The big lesson, and you are going to say that I am talking like a broken record, but it is so true and I am proud of the fact that what I said is now being used in the business community. In India, you learn smart frugal engineering. In India you learn smart frugal design. We are learning. That’s why we think we need an Indian product – Indian-engineered. It’s the only way we are going to learn how to integrate this mindset into our product, which can serve the lot of our emerging markets. Emerging markets are not only BRIC. I would say you have a new wave coming. The new wave can benefit a lot from the successful enterprise of using Indian skills and the Indian mindset to imagine smart, frugal products that is going to be successful, in my opinion, into the next wave of emerging markets. We are talking about Indonesia, Vietnam, South Africa, the rest of Africa. We are talking about countries in the Middle East, some countries in Latin America, which are coming through very strongly.

Forbes India: You have been a big supporter of the ultra low cost car, but somehow, so far, the Tata Nano has failed to live up to expectations. Has that forced you to re-evaluate your optimism about this opportunity?
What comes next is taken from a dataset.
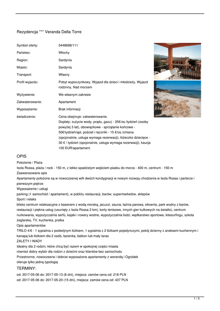 Rezydencja *** Veranda Della Torre Symbol oferty: 5448698/111 Państwo: Włochy Region: Sardynia Miasto: Sardynia Transport: Własny Profil wyjazdu: Pobyt wypoczynkowy, Wyjazd dla dzieci i młodzieży, Wyjazd Wyżywienie: We własnym zakresie Zakwaterowanie: Apartament Wyposażenie: Brak informacji świadczenia: Cena obejmuje: zakwaterowanie. rodzinny, Nad morzem Dopłaty: zużycie wody, prądu, gazu) - 25€/os./tydzień (osoby powyżej 3 lat), obowiązkowe - sprzątanie końcowe 50€/tydzień/apt, pościel i ręczniki - 15 €/os./zmiana (opcjonalnie, usługa wymaga rezerwacji), łóżeczko dziecięce - 30 € / tydzień (opcjonalnie, usługa wymaga rezerwacji), kaucja 100 EUR/apartament. OPIS Położenie / Plaża Isola Rossa, plaża / rock - 150 m, z lekko spadzistym wejściem piasku do morza - 400 m, centrum - 150 m Zaawansowane opis Apartamenty położone są w nowoczesnej willi dwóch kondygnacji w nowym rozwoju chodzenia w Isola Rossa i parterze i pierwszym piętrze Wyposażenie i usługi parking (1 samochód / apartament), w pobliżu restauracji, barów, supermarketów, sklepów Sport i relaks blisko centrum relaksacyjne z basenem z wodą morską, jacuzzi, sauna, łaźnia parowa, siłownia, park wodny z barów, restauracji i piękna usług (usunięty z Isola Rossa 2 km), korty tenisowe, innych gier kulkowych na światło), centrum nurkowania, wypożyczalnia serfů, kajaki i rowery wodne, wypożyczalnia łodzi, wędkarstwo sportowe, kitesurfingu, szkoła żeglarska, TV, kuchenka, pralka Opis apartamentów TRILO 4/6 - 1 sypialnia z podwójnym łóżkiem, 1 sypialnia z 2 łóżkami pojedynczymi, pokój dzienny z aneksem kuchennym i kanapą lub łóżkiem dla 2 osób, łazienka, balkon lub mały taras ZALETY I WADY Idealny dla 2 rodzin, które chcą być razem w spokojnej części miasta również dobry wybór dla rodzin z dziećmi oraz klientów bez samochodu Przestronne, nowoczesne i dobrze wyposażone apartamenty z werandą i Ogródek oferuje tylko jedną typologię TERMINY: od: 2017-05-06 do: 2017-05-13 (8 dni), miejsca: zamów cena od: 218 PLN od: 2017-05-06 do: 2017-05-20 (15 dni), miejsca: zamów cena od: 437 PLN 1/3 od: 2017-05-13 do: 2017-05-20 (8 dni), miejsca: zamów cena od: 218 PLN od: 2017-05-13 do: 2017-05-27 (15 dni), miejsca: zamów cena od: 560 PLN od: 2017-05-20 do: 2017-05-27 (8 dni), miejsca: zamów cena od: 342 PLN od: 2017-05-20 do: 2017-06-03 (15 dni), miejsca: zamów cena od: 684 PLN od: 2017-05-27 do: 2017-06-03 (8 dni), miejsca: zamów cena od: 342 PLN od: 2017-05-27 do: 2017-06-10 (15 dni), miejsca: zamów cena od: 782 PLN od: 2017-06-03 do: 2017-06-10 (8 dni), miejsca: zamów cena od: 440 PLN od: 2017-06-03 do: 2017-06-17 (15 dni), miejsca: zamów cena od: 880 PLN od: 2017-06-10 do: 2017-06-17 (8 dni), miejsca: zamów cena od: 440 PLN od: 2017-06-10 do: 2017-06-24 (15 dni), miejsca: zamów cena od: 988 PLN od: 2017-06-17 do: 2017-06-24 (8 dni), miejsca: zamów cena od: 548 PLN od: 2017-06-17 do: 2017-07-01 (15 dni), miejsca: zamów cena od: 1095 PLN od: 2017-06-24 do: 2017-07-01 (8 dni), miejsca: zamów cena od: 548 PLN od: 2017-06-24 do: 2017-07-08 (15 dni), miejsca: zamów cena od: 1133 PLN od: 2017-07-01 do: 2017-07-08 (8 dni), miejsca: zamów cena od: 586 PLN od: 2017-07-01 do: 2017-07-15 (15 dni), miejsca: zamów cena od: 1171 PLN od: 2017-07-08 do: 2017-07-15 (8 dni), miejsca: zamów cena od: 586 PLN od: 2017-07-08 do: 2017-07-22 (15 dni), miejsca: zamów cena od: 1171 PLN od: 2017-07-15 do: 2017-07-22 (8 dni), miejsca: zamów cena od: 586 PLN od: 2017-07-15 do: 2017-07-29 (15 dni), miejsca: zamów cena od: 1311 PLN od: 2017-07-22 do: 2017-07-29 (8 dni), miejsca: zamów cena od: 725 PLN od: 2017-07-22 do: 2017-08-05 (15 dni), miejsca: zamów cena od: 1653 PLN od: 2017-07-29 do: 2017-08-05 (8 dni), miejsca: zamów cena od: 928 PLN od: 2017-07-29 do: 2017-08-12 (15 dni), miejsca: zamów cena od: 1979 PLN od: 2017-08-05 do: 2017-08-12 (8 dni), miejsca: zamów cena od: 1051 PLN od: 2017-08-05 do: 2017-08-19 (15 dni), miejsca: zamów cena od: 1745 PLN od: 2017-08-12 do: 2017-08-19 (8 dni), miejsca: zamów cena od: 693 PLN od: 2017-08-12 do: 2017-08-26 (15 dni), miejsca: zamów cena od: 1190 PLN od: 2017-08-19 do: 2017-08-26 (8 dni), miejsca: zamów cena od: 497 PLN od: 2017-08-19 do: 2017-09-02 (15 dni), miejsca: zamów cena od: 864 PLN od: 2017-08-26 do: 2017-09-02 (8 dni), miejsca: zamów cena od: 367 PLN od: 2017-08-26 do: 2017-09-09 (15 dni), miejsca: zamów cena od: 715 PLN od: 2017-09-02 do: 2017-09-09 (8 dni), miejsca: zamów cena od: 348 PLN od: 2017-09-02 do: 2017-09-16 (15 dni), miejsca: zamów cena od: 598 PLN od: 2017-09-09 do: 2017-09-16 (8 dni), miejsca: zamów cena od: 250 PLN od: 2017-09-16 do: 2017-09-23 (8 dni), miejsca: zamów cena od: 250 PLN CENNIK: Długość pobytu: Grupa cenowa: 15 dni 8 dni 8 dni 15 dni 8 dni 15 dni 8 dni 15 dni15 dni 8 dni 15 dni 8 dni 15 dni 8 dni 8 dni 8 dni 15 dni15 dni 8 dni 8 dni F F Pobyt w obiekcie (do wyboru) A A J J K K E E B B H H M C C D D I (*) apartament 6-osobowy typu TRILO standardowo dla osób: 6 8280.24140.11100.12200.22772.15544.21993.13986.26608.23304.13682.21841.1 12194.2 6097.11290.12430.14860.26152.23076.13950.1 Ubezpieczenie (do wyboru) (*) ubezpieczenie NW KL 70 35 Ubezpieczenie (opcjonalne) 35 70 35 70 35 70 70 35 70 35 70 35 35 35 70 70 35 35 ubezpieczenie - od kosztów rezygnacji 2.4 % 2.4 % 2.4 % 2.4 % 2.4 % 2.4 % 2.4 % 2.4 % 2.4 % 2.4 % 2.4 % 2.4 % 2.4 % 2.4 % 2.4 % 2.4 % 2.4 % 2.4 % 2.4 % 2.4 % Waluta: PLN 2/3 Aktualne ceny z systemu S.A.R.T. (-) - cena usługi, podatku kalkulowana przy osobie lub gratis (*) - kwota wliczona w cenę standardową 3/3

I would say that ultra low cost opportunities is not one product. I am not the best person to comment, but what I would say is that the concept is right. No doubt about it. I am absolutely still convinced about it. Whatever I heard has happened with the Nano is not about the concept, it is about maybe the execution, but not the concept. Again, the Tata group has showed and my friend, the great Ratan Tata, has shown the vision and I was the first one to recognise it when everybody was dismissing it. I said this is real, this is serious and we are going to do this, we are going to try and replicate that. I still consider the concept very strong. It showed a lot of vision of the market and we are going to try and build up on this, not with one car, but with many cars.